The Nutcracker was first performed on the 18th December 1892 at the Imperial Mariinsky Theatre in St Petersburg, set to music by Tchaikovsky. The book on which this ballet was based - Histoire d’une Casse-Noisette by Alexandre Dumas - was not, however, the original story. That first appeared in 1816, in ETA Hoffmann’s The Nutcracker and the Mouse King

Hoffmann wrote a number of spooky stories that were set to music during the 19th century. One of these, The Sandman which is about about evil inventors who create a robotic girl, appears in the Offenbach opera, The Tales of Hoffmann and likely inspired the ballet Coppelia, in which a young man who falls in love with a life-size dancing doll. The original Hoffmann story, as outlined above, is a complex thing which blurs fantasy and reality. The rodents are cursed, the parents are oppressive and cruel and the little girl at the centre of the story runs away to her nightmare/dream world and does not return.

The Dumas version, which continues to form the basis of the ballet, simplified the plot and made the story rather more gentle. In this version, Clara rejects the fantasy world and wakes up happy and smiling under the Christmas tree, a Hollywood-style ending which was largely the reason for the ballet’s future success. And its success was very much in the future. In 1892, the unimpressed Russian critics called the choreography confusing, the libretto lopsided and the whole experience (according to the St Petersburg Gazette) “the most tedious thing I have ever seen.” After the first Russian Revolution in 1905, the ballet was dropped from the repertoire and, in a twist Hoffmann (and his fan Edgar Allen Poe) may have appreciated, its principal male lead, Sergei Legat, slit his throat.

Many of the Mariinsky dancers scattered across Europe in the early twentieth century and the ballet re-appeared, first in Budapest in 1927 and then in London in 1934. 

It took an American showman, however, to bring The Nutcracker fully back into the light. In 1940, Walt Disney used the entire Tchaikovsky score in Fantasia, bringing the music to a huge new audience. On Christmas Eve 1944 the San Francisco Ballet performed the first complete version of the ballet and in 1954 George Balanchine’s New York production turned the ballet into the classic Land of Snow and Kingdom of Sweets version we recognise today.
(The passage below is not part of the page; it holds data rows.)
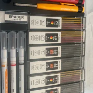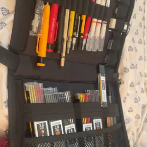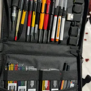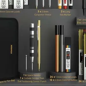 ·【VALUABLE COMBINATION IN ONE SET】: This set includes 3 sturdy carpenter pencils, 36pcs of 2.8mm 2B lead refills in 6 colors, 3 mechanical pencils 2.0mm with 36pcs refills in 3 colors, and 1 mechanical pencil 1.3mm with 12pcs black lead refills and 12pcs colored lead refills. You'll also receive 3 long-nosed marker pens in 3 colors, 1 carbide scribe tool, 1 positioning center punch, 1 spare needle, 1 sharpener for 2.8mm leads, 2 sharpeners for 2.0mm leads, 1 eraser, 1 circular level, 1 square level, 7 eraser refills, and a large-capacity pen bag. With this comprehensive carpenter pencil set, completing tasks becomes both swift and effortless
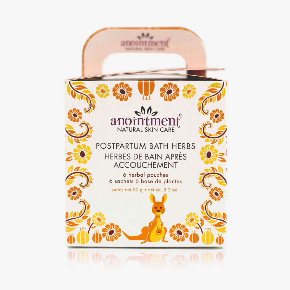 Anointment postpartum bath herbs contain a blend of sea salt and certified organic herbs traditionally used to soothe the discomforts associated with perineal swelling, hemorrhoids, episiotomy and tearing. Packaged in convenient single-use pouches – no need to wipe down the bath tub!
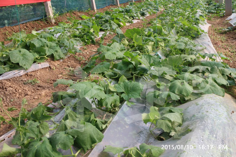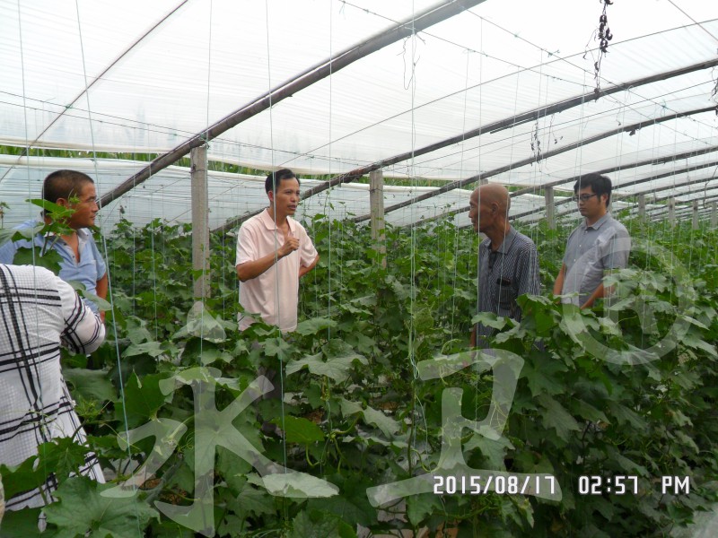 8月17日,潍坊市根结线虫防治技术研究所再次召开现场观摩会,所长毕乃亮邀请潍坊职业学院植保专业田洪霞博士(前排左一)、王承香博士(前排左二)、寿光市著名蔬菜专家农业局高级农艺师张兴德(后排左三)、潍坊市农科院线虫专家王炳太(后排左六)、潍坊职业学院植保专业副教授徐桂平(后排左五)、蔬菜专业教授任大文(后排左七)等众多专家及本所战略合作企业山东沂山现代农业发展有限公司技术部李文文(后排左四)、临朐多位瓜农、菜农参加了观摩会。观摩会期间,毕乃亮所长和张兴德老师详细介绍了“永卫®(SK)”治疗丝瓜根结线虫的整个过程,并向到场专家、技术人员及前来参观的农民讲解了“永卫®(SK)”的使用方法及注意事项。棚主韩家右对“永卫®(SK)”治疗丝瓜根结线虫病效果非常满意,向到场的技术人员及农民强烈推荐该产品。
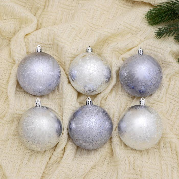 Набор шаров пластик d-8 см, 6 шт "Клоуд метелица" серебро сиреневый
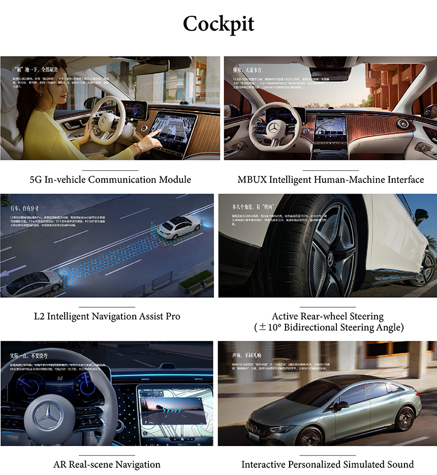 The Mercedes-Benz EQE's cockpit is powered by a 5G In-vehicle Communication Module, enabling ultra-fast data transfer, seamless cloud connectivity, and real-time service updates. Its L2 Intelligent Navigation Assist Pro combines adaptive cruise control with lane guidance and automated lane changes for confident, partially automated highway driving. Navigation precision is elevated by AR Real-scene Navigation, which overlays dynamic directional arrows onto live camera footage of the road ahead. Together, these technologies create a seamlessly connected, intuitively guided, and intelligently assisted driving experience.

Where America went, the rest of the world followed: more companies have performed The Nutcracker than any other ballet. In 2015 the Royal Ballet December production was beamed live to 2000 cinemas and, according to Daniel J Wakin of the New York Times, its holiday run “is generally the foundation of an American dance company”.
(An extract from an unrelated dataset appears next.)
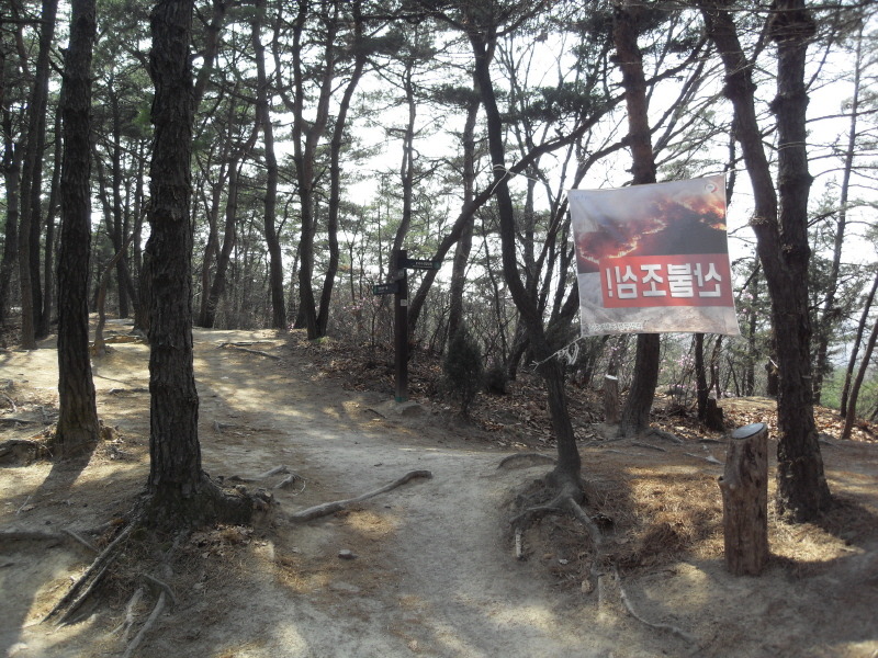 돌산능선 갈림길의 이정표와 돌산능선 접근로(사진 下)

Why has The Nutcracker become so popular that even non-ballet fans, who would run a mile at a suggestion of an evening with Les Sylphides, are happy to be dragged along? 

Perhaps because it truly is family-friendly: it has parts for over 35 children; a pattern of short, highly-charged dances and watered-down cute mice and dancing toys. Perhaps because, in the words of Isabel McMeekan, founder of Everyday Ballet and a former dancer, it is“the eternal fantasy of Christmas come to life on stage…the girl, the guy, the dream, the magic tree that grows to 7 feet, the glittery snowflakes.” Or perhaps because it has proved so adaptable. As well as traditional outings, there have been hip-hop, LGBT and Jewish versions and, my own personal favourite, Matthew Bourne’s Dickensian orphanage with its pyjama-clad cupids and cast of very wicked sweets (check out the exceedingly sticky Knickerbocker Glory). 

And in that, I think, lies the ballet’s endurance – to paraphrase one supermarket’s ad: however you do Christmas, there’s a Nutcracker for you.